Oggi è il compleanno di Grace Slick, storica voce di The Jefferson Airplane (poi The Jefferson Starship e alla fine solo Starship) e ne connotò fortemente la sonorità sostituendo la cantante originale, Signe Toly Anderson subito prima di esordire discograficamente. Nata Grace Wing, sebbene lei abbia dichiarato spesso che il suo vero cognome è Vinje (secondo alcune fonti Venia), il 30 ottobre del 1939, ha iniziato la carriera di cantante nei primi anni ’60 convinta dal batterista Jerry Slick da poco diventato suo marito che, assieme al fratello Darby, aveva messo in piedi una band chiamata The Great Society. Con loro si era già fatta notare per le sue doti di autrice, tant’è che un paio di pezzi oggi indissolubilmente legati ai Jefferson, erano già nel loro repertorio. Tra questi anche la celebre White Rabbit che la Columbia pubblicò su un disco. Il suo reclutamento per The Jefferson Airplane avvenne nel 1966, dopo lo scioglimento di The Great Society, grazie all’insistenza di Jack Casady che le propose di subentrare alla Anderson. Il resto, come di dice, è storia. 

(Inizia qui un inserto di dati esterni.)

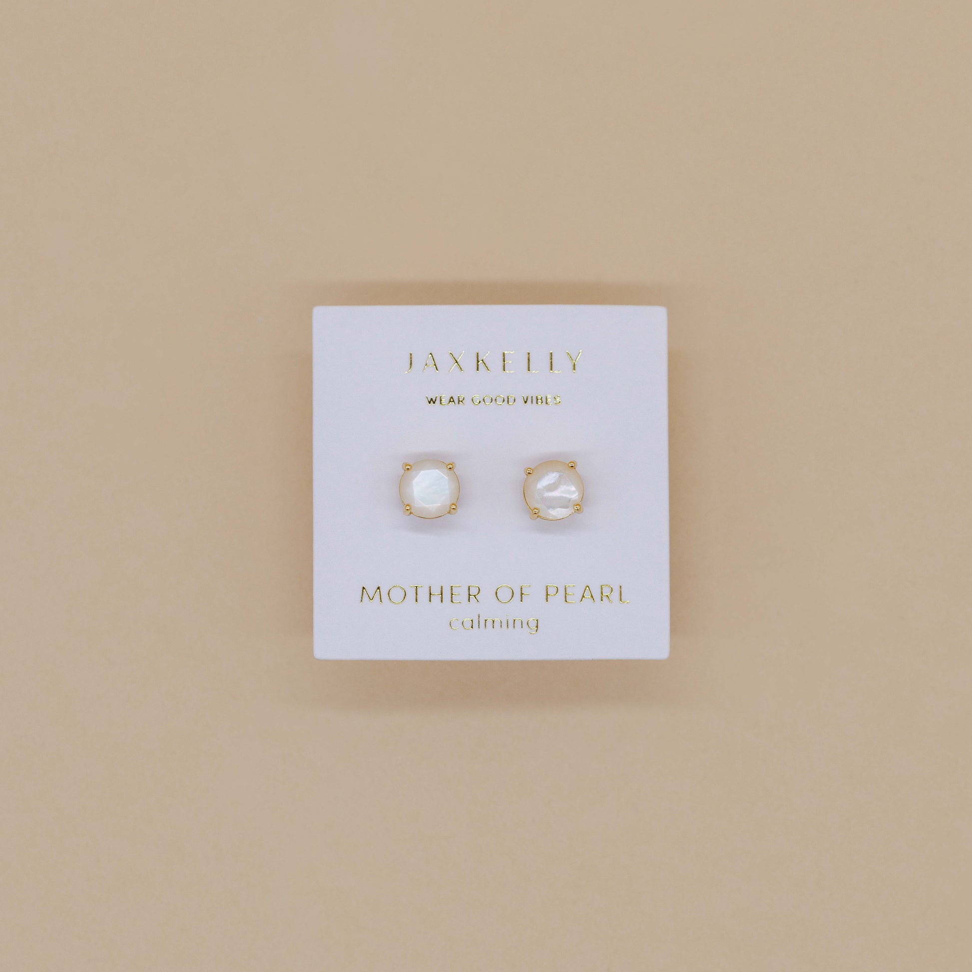 Round - Mother of Pearl Gemstone - Gold Earrings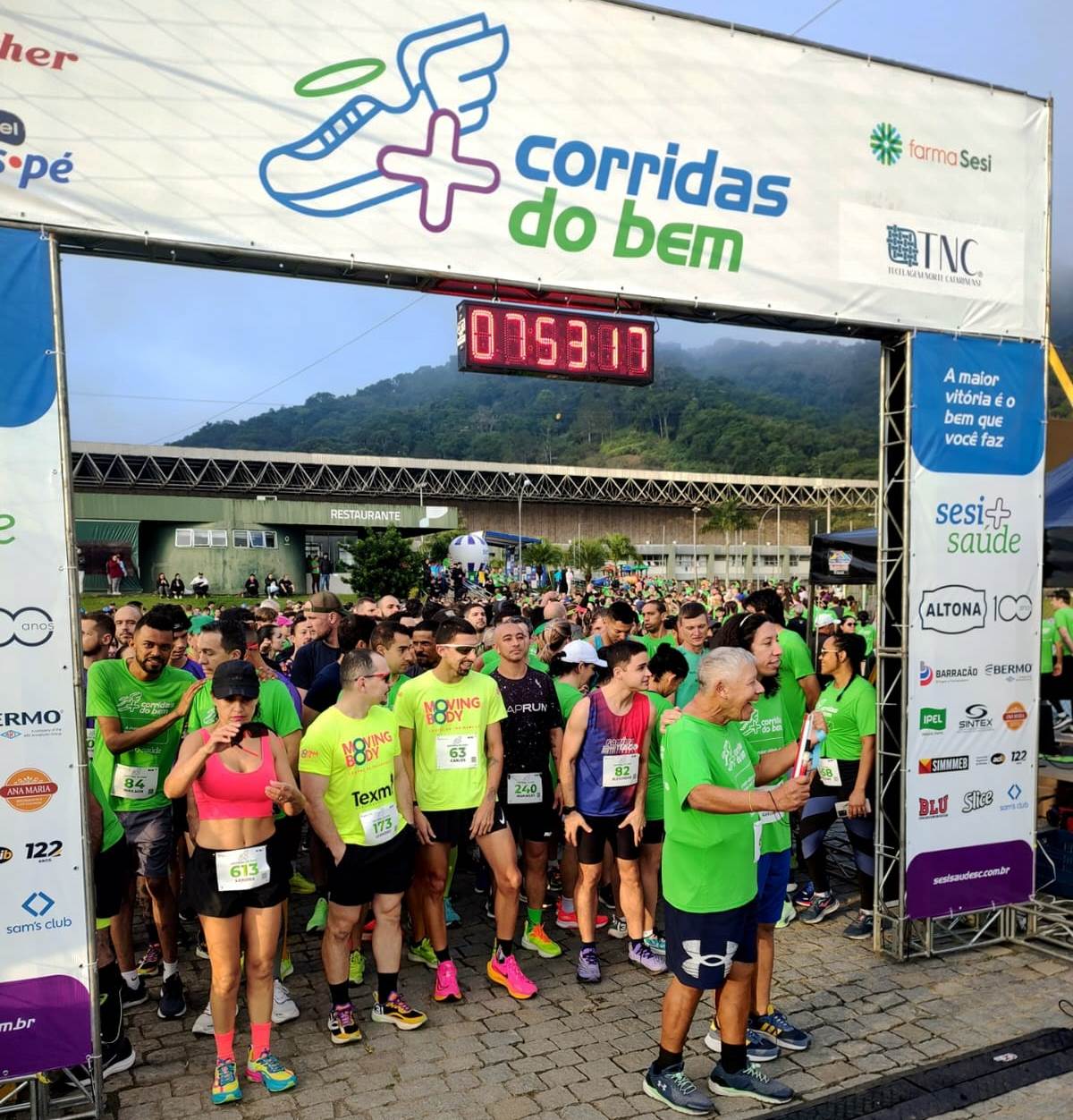 Florianópolis, 22.07.2024 – Mais de mil pessoas participaram no domingo (21) da etapa de Blumenau do circuito Corridas do Bem, organizado pelo SESI. Foi a terceira de 10 provas até dezembro.

Dopo l’apparizione al festival di Woodstock la fama della band crebbe in modo esponenziale anche e soprattutto per le doti vocali di Slick che divenne una figura cardine dell’epopea Hippy. Collaborò con David Crosby e con Papa John Creach, apparve come guest nell’album del chitarrista dei Jefferson, Paul Kantner e, a metà degli anni 70, quando la stella della band cominciava a brillare un po’ meno, ha pubblicato un disco solista di forte impatto commerciale, oggi considerato un classico (Manhole).
Sfortunatamente, nello stesso periodo, l’abuso di droghe ed alcol la costrinsero a esibirsi sempre meno, attuando una sorta di ritiro dalle scene che le permettesse di disintossicarsi. Ci riuscì e, forse colpevolizzando il mondo della musica, decise di limitare al minimo il suo coinvolgimento in quel campo, sposando la causa animalista e diventando, negli anni 80, una paladina anti-vivisezione. Nel decennio successivo, tornò ad una passione giovanile e cominciò a dipingere, esponendo in importanti gallerie e ritrovando una vena creativa eccellente, sia pure diversa da quella che l’aveva fatta conoscere. 

Occasionalmente è tornata in sala di incisione ma senza raggiungere più i fasti giovanili e “accontentandosi” di contribuire ad album di amici e giovani band. 
Nel 2006, una malattia all’intestino l’ha costretta a ben due operazioni chirurgiche e una tracheotomia, con coma indotto. Oggi compie 75 anni, ha recuperato completamente ed è una anziana brillante e grintosa con molte cose da raccontare ai nipotini.
Buon compleanno, Grace.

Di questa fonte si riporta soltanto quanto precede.